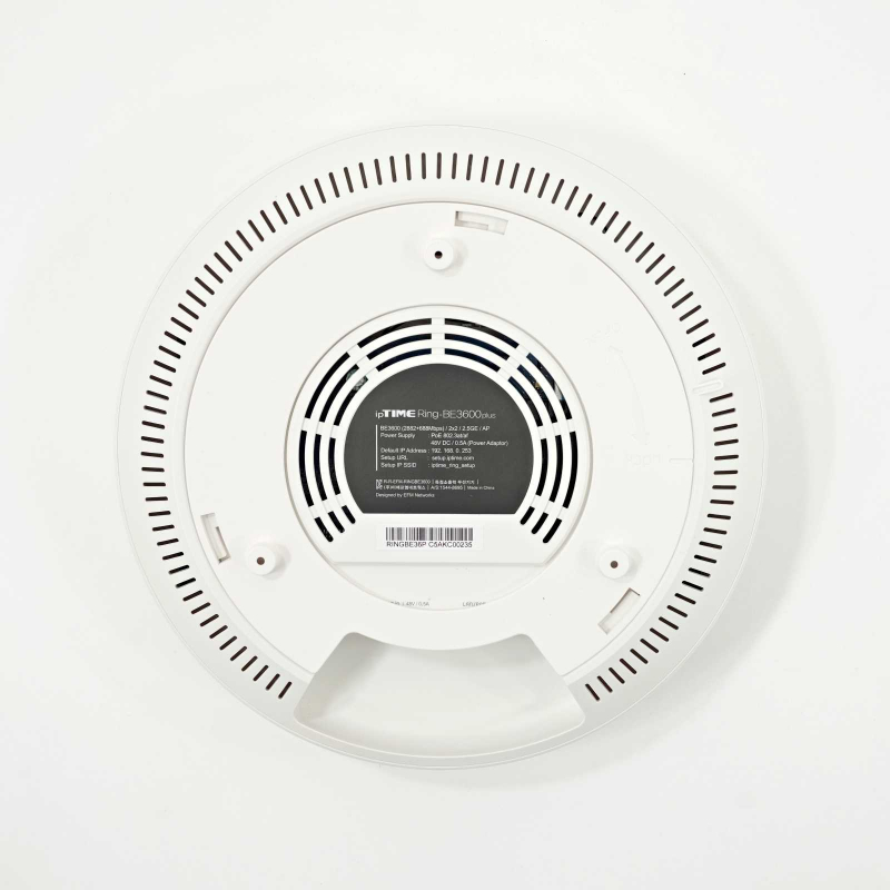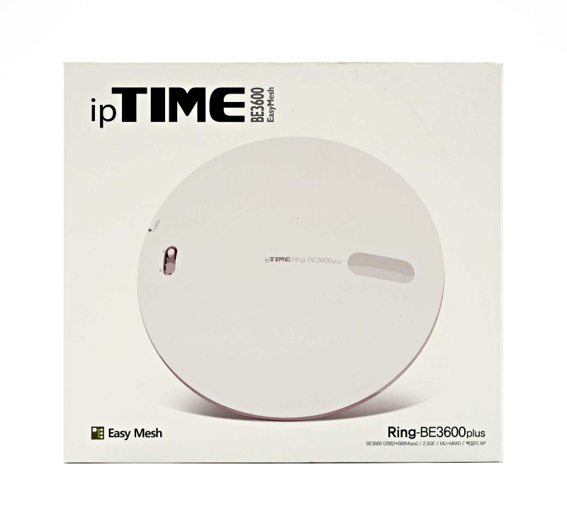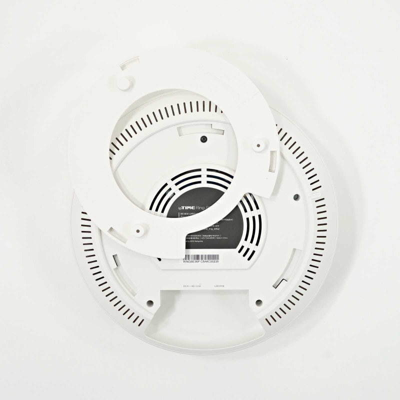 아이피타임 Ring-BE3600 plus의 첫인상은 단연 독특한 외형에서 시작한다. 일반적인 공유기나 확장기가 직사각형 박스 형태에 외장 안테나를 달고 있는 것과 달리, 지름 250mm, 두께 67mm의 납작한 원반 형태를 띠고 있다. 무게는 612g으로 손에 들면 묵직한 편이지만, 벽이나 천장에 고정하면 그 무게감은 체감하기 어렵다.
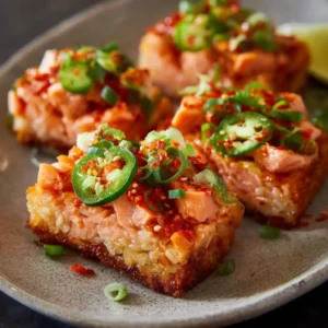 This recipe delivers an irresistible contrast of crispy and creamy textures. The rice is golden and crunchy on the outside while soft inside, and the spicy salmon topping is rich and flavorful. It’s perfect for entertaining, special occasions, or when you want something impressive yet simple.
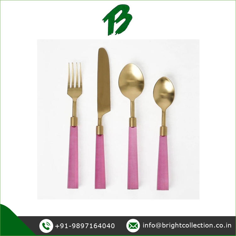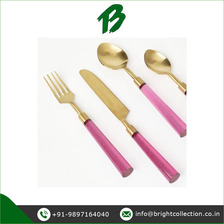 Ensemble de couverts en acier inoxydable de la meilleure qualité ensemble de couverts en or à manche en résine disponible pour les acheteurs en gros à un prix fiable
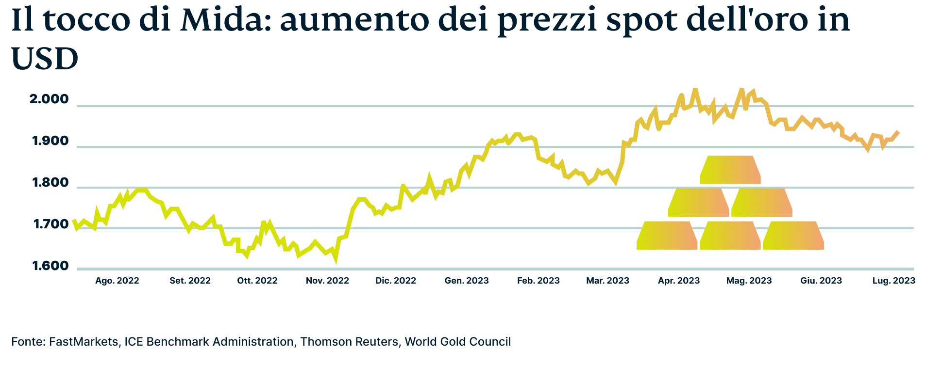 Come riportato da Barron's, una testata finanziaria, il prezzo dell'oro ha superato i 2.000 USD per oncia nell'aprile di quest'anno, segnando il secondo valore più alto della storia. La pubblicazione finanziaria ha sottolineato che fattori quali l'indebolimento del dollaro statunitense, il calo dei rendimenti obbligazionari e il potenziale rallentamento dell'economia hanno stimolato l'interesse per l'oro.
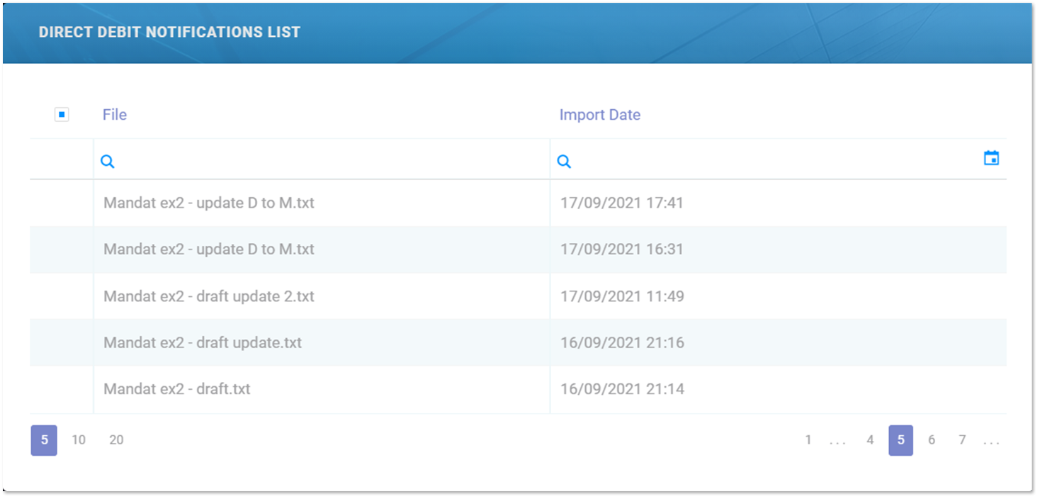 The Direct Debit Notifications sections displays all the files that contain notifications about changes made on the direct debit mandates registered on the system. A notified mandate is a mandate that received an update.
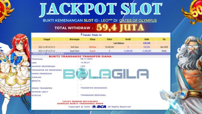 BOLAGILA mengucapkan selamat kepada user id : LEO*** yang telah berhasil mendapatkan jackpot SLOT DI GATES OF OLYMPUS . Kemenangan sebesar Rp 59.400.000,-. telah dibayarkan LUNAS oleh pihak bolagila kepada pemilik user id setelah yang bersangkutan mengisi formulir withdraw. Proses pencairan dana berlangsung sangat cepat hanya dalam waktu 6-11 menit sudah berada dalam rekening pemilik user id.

★ ★ ★

* [Goal of the exercise]
In your output, include only the lines from the line containing "This recipe delivers" through the last line of the material above, exactly as they appear, and leave out the pictures.

* [Solution to the exercise]
 This recipe delivers an irresistible contrast of crispy and creamy textures. The rice is golden and crunchy on the outside while soft inside, and the spicy salmon topping is rich and flavorful. It’s perfect for entertaining, special occasions, or when you want something impressive yet simple.
 Ensemble de couverts en acier inoxydable de la meilleure qualité ensemble de couverts en or à manche en résine disponible pour les acheteurs en gros à un prix fiable
 Come riportato da Barron's, una testata finanziaria, il prezzo dell'oro ha superato i 2.000 USD per oncia nell'aprile di quest'anno, segnando il secondo valore più alto della storia. La pubblicazione finanziaria ha sottolineato che fattori quali l'indebolimento del dollaro statunitense, il calo dei rendimenti obbligazionari e il potenziale rallentamento dell'economia hanno stimolato l'interesse per l'oro.
 The Direct Debit Notifications sections displays all the files that contain notifications about changes made on the direct debit mandates registered on the system. A notified mandate is a mandate that received an update.
 BOLAGILA mengucapkan selamat kepada user id : LEO*** yang telah berhasil mendapatkan jackpot SLOT DI GATES OF OLYMPUS . Kemenangan sebesar Rp 59.400.000,-. telah dibayarkan LUNAS oleh pihak bolagila kepada pemilik user id setelah yang bersangkutan mengisi formulir withdraw. Proses pencairan dana berlangsung sangat cepat hanya dalam waktu 6-11 menit sudah berada dalam rekening pemilik user id.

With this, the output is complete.